The authors, Ruelle and DeSaix, lament the fact that most important documents and manuscripts were either destroyed or lost during the Nazi invasion. After a long and laborious search, they could obtain only a few documents that threw light on the historical facts chronicled in the book. One letter, as the authors say, "... was recently found among the old papers of a Paris cafe owned by a Tunisian. The cafe owner said that it dated from World War II. It read:
Yesterday at dawn, the Jews of Paris were arrested. The elderly, the women, and the children. In exile like ourselves, workers like ourselves. They are our brothers. Their children are like our children. Anyone who encounters one of his children must give that child shelter and protection for as long as misfortune - or sorrow - lasts. Oh man of my country, your heart is generous.
Was this letter read out in the cafe? Did it circulate among the Kaybele workers of Paris, making its way through the crowded boardinghouses where these men lived? It certainly seems to be a call to action. Without a doubt, it is a recognition of the strong bond between North African Muslims and Jews."

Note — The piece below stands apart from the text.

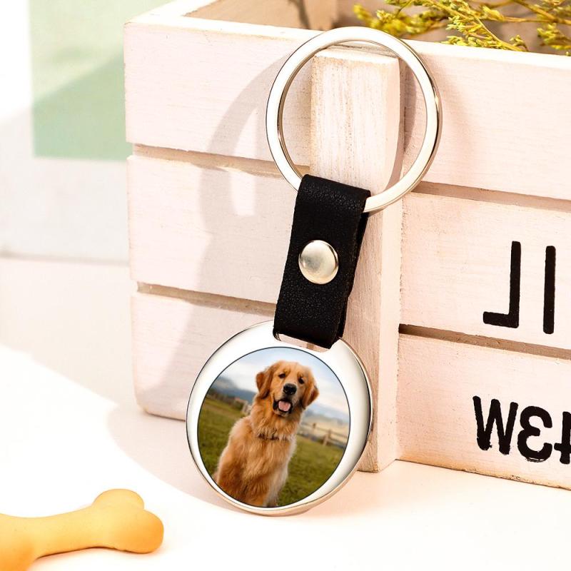 Personalisierter Foto-schlüsselanhänger Mit Text, Vintage-leder-schlüsselanhänger Für Haustierliebhaber

When World War II ended, Si Benghabrit kept on serving in the mosque as its rector until his death in 1954. He was buried by the mosque. Jewish singer Salim Halali lived a long, successful life, and is revered as the father of modern North African song. Dr. Ahmed Somia continued his selfless devotion to the sick until his death.
The Grand Mosque of Paris, written in simple English, is a book that must be cherished. One cannot help but feel it could have been better if descriptions of the incidents and the works of the people mentioned in the book were in greater detail. Yet, it is a book designed for children, so the authors wanted to keep the level good enough for the aimed age group.